Çay kalabalıkları kahve yalnızlığın içeceğidir denilse de, yayılan bu mis gibi Türk Kahvesi kokusu ile insan kalabalığını kahve alma kuyruğunda sıraya dizer. Bazen önünden geçerken bankalarda bulunan sıra alma makinelerinden olsa burada diye içimden geçirsem de kalabalık öyle nizami ilerler ve tükenir ki “yok yok, gerek bile yokmuş” derim.
Bu kahvecinin adı: Kurukahveci Mehmet Efendi’dir ve Kuzguncuklu Museviler için ayrıcalıklı bir yeri bulunmaktadır. Sebebine Haldun Hürel “İstanbul’u Dinliyorum Gözlerim Açık” isimli kitabının 832. sayfasında şöyle yer vermiştir: “Özellikle Musevilerin yerleşmeyi yeğledikleri bir semt olan Kuzguncuk’ta, bu gayrimüslimlere, mezarlık alanı olarak kullanmaları için arazilerini bağışlayan ünlü Kurukahveci Mehmet Efendi, çok sevilen bir zat olmuştu.
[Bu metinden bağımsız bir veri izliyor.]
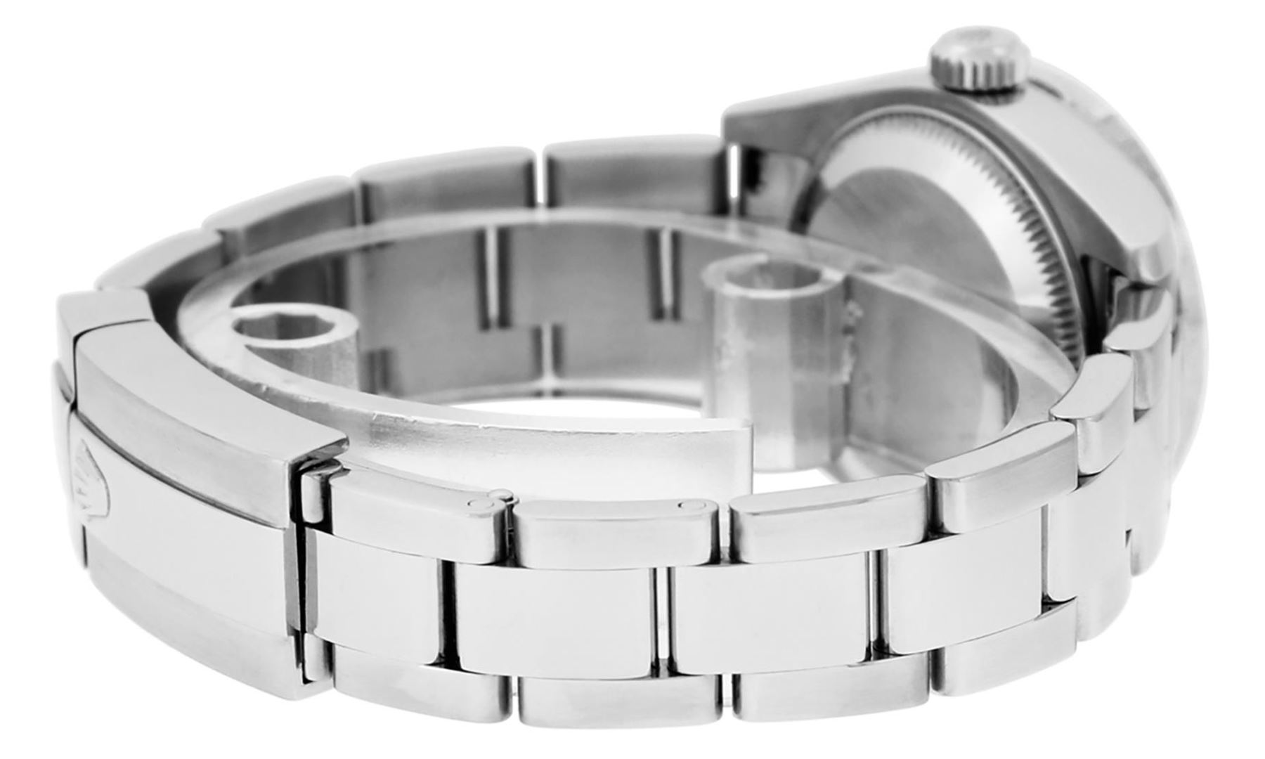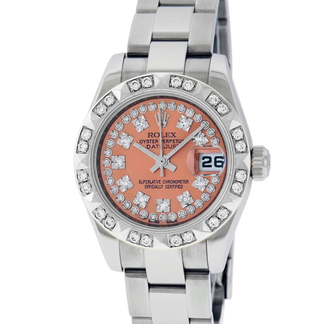 One Quickset Pre Owned Ladies Stainless Steel Rolex Datejust Polished Bright with Satin Finish, Serviced And Electronically Tested, Stainless Steel Case: 26mm, Stainless Steel Crown, Custom Bezel: New 18K White Gold Pyramid Diamond Bezel, Stone Count: 24 Diamonds On Bezel. Crystal: Sapphire With Date Window. Custom Hands: New Luminescent Hands. Rolex Movement: Automatic Winding Movement 2235. Custom Dial: Custom Salmon Dial With Added Diamond Hour Markers, 43 Diamonds On Dial. Date Window: 3 O'Clock Position Date Display, Model: Quickset Sapphire Datejust. Condition: G-6 Extra Fine. Rolex Bracelet: Stainless Steel Oyster Band. Bright Polish And Satin Finish. 6.0 Inch Length, Adjustable. Standard Clasp, With Rolex Logo. This Watch Has Been Serviced Time Tested And Is In Excellent Condition It Is Free Of All Scratches And Dents.

Hahambaşı da Kurukahvecinin bu iyiliği karşısında, bütün Musevilerin kahvelerini Mehmet Efendi’den almalarını isteyince, kahvecinin şanı almış yürümüş Kuzguncuk’ta.”
Hep derim yiyecek ve içecek sadece fizyolojik bir mesele/gereklilik değil sosyolojik bir meseledir.